++++ EXCERPTED RECORDS ++++
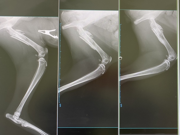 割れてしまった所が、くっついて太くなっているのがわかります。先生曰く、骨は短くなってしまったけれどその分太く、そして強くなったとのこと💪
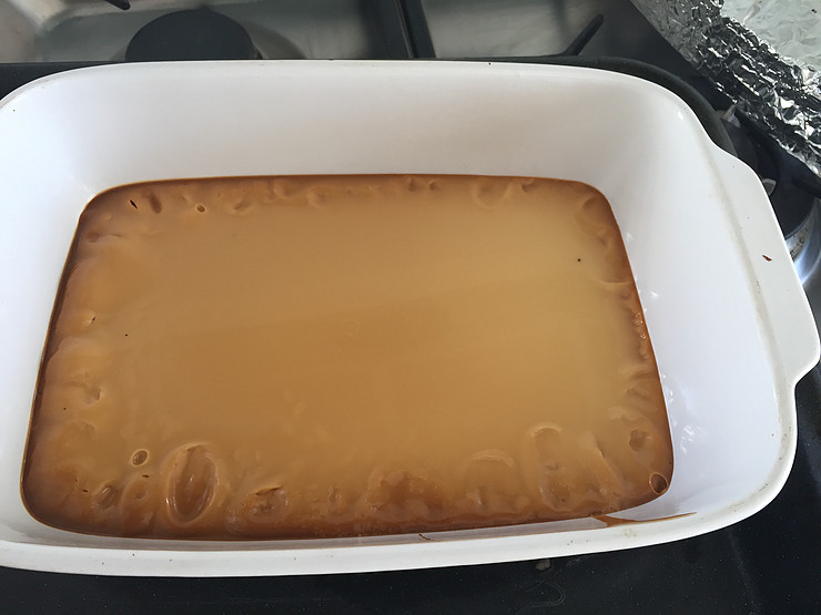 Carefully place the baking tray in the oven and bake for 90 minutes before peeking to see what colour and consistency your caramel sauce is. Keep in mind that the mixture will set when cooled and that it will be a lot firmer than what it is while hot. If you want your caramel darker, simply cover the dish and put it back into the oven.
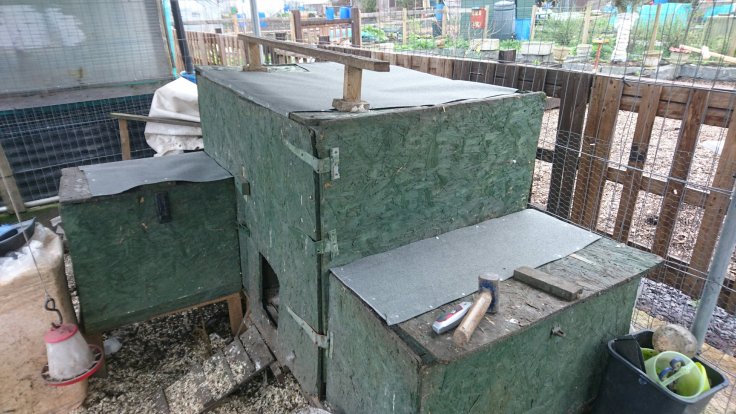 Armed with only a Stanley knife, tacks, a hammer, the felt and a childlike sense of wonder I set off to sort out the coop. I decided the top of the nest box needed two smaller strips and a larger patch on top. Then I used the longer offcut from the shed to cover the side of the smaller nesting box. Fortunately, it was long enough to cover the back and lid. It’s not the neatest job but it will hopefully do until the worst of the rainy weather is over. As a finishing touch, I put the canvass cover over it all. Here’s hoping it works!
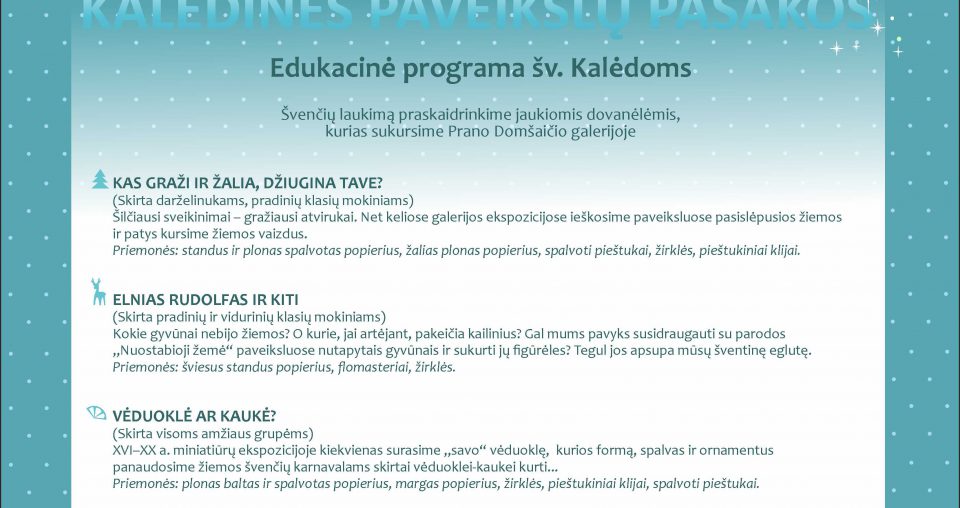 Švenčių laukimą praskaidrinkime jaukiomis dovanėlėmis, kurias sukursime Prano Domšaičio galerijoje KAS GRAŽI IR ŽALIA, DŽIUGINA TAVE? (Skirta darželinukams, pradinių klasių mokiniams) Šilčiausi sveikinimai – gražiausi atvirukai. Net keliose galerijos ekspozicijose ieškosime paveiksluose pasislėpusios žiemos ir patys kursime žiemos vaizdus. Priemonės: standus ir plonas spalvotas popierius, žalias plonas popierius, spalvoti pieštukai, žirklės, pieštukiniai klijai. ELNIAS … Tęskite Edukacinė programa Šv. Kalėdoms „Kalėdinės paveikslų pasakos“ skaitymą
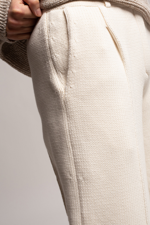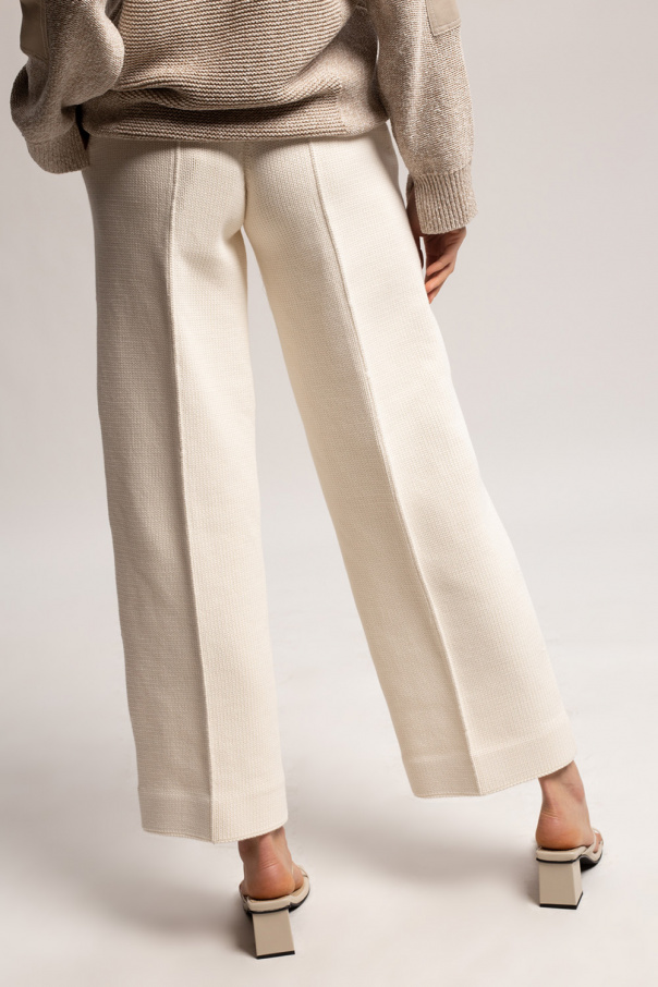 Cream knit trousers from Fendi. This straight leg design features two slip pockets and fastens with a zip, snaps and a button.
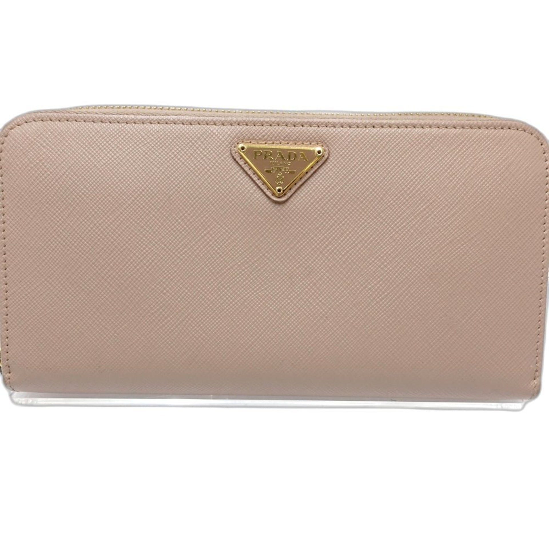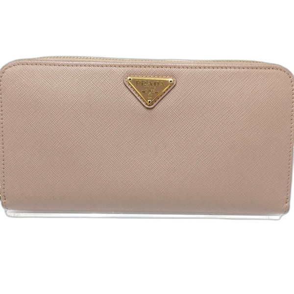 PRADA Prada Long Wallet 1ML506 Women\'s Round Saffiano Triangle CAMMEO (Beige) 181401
++++
ASSIGNED TASK »
Give every entry again as it is, dropping its pictures.

EXERCISE RESULT »
 割れてしまった所が、くっついて太くなっているのがわかります。先生曰く、骨は短くなってしまったけれどその分太く、そして強くなったとのこと💪
 Carefully place the baking tray in the oven and bake for 90 minutes before peeking to see what colour and consistency your caramel sauce is. Keep in mind that the mixture will set when cooled and that it will be a lot firmer than what it is while hot. If you want your caramel darker, simply cover the dish and put it back into the oven.
 Armed with only a Stanley knife, tacks, a hammer, the felt and a childlike sense of wonder I set off to sort out the coop. I decided the top of the nest box needed two smaller strips and a larger patch on top. Then I used the longer offcut from the shed to cover the side of the smaller nesting box. Fortunately, it was long enough to cover the back and lid. It’s not the neatest job but it will hopefully do until the worst of the rainy weather is over. As a finishing touch, I put the canvass cover over it all. Here’s hoping it works!
 Švenčių laukimą praskaidrinkime jaukiomis dovanėlėmis, kurias sukursime Prano Domšaičio galerijoje KAS GRAŽI IR ŽALIA, DŽIUGINA TAVE? (Skirta darželinukams, pradinių klasių mokiniams) Šilčiausi sveikinimai – gražiausi atvirukai. Net keliose galerijos ekspozicijose ieškosime paveiksluose pasislėpusios žiemos ir patys kursime žiemos vaizdus. Priemonės: standus ir plonas spalvotas popierius, žalias plonas popierius, spalvoti pieštukai, žirklės, pieštukiniai klijai. ELNIAS … Tęskite Edukacinė programa Šv. Kalėdoms „Kalėdinės paveikslų pasakos“ skaitymą
 Cream knit trousers from Fendi. This straight leg design features two slip pockets and fastens with a zip, snaps and a button.
 PRADA Prada Long Wallet 1ML506 Women\'s Round Saffiano Triangle CAMMEO (Beige) 181401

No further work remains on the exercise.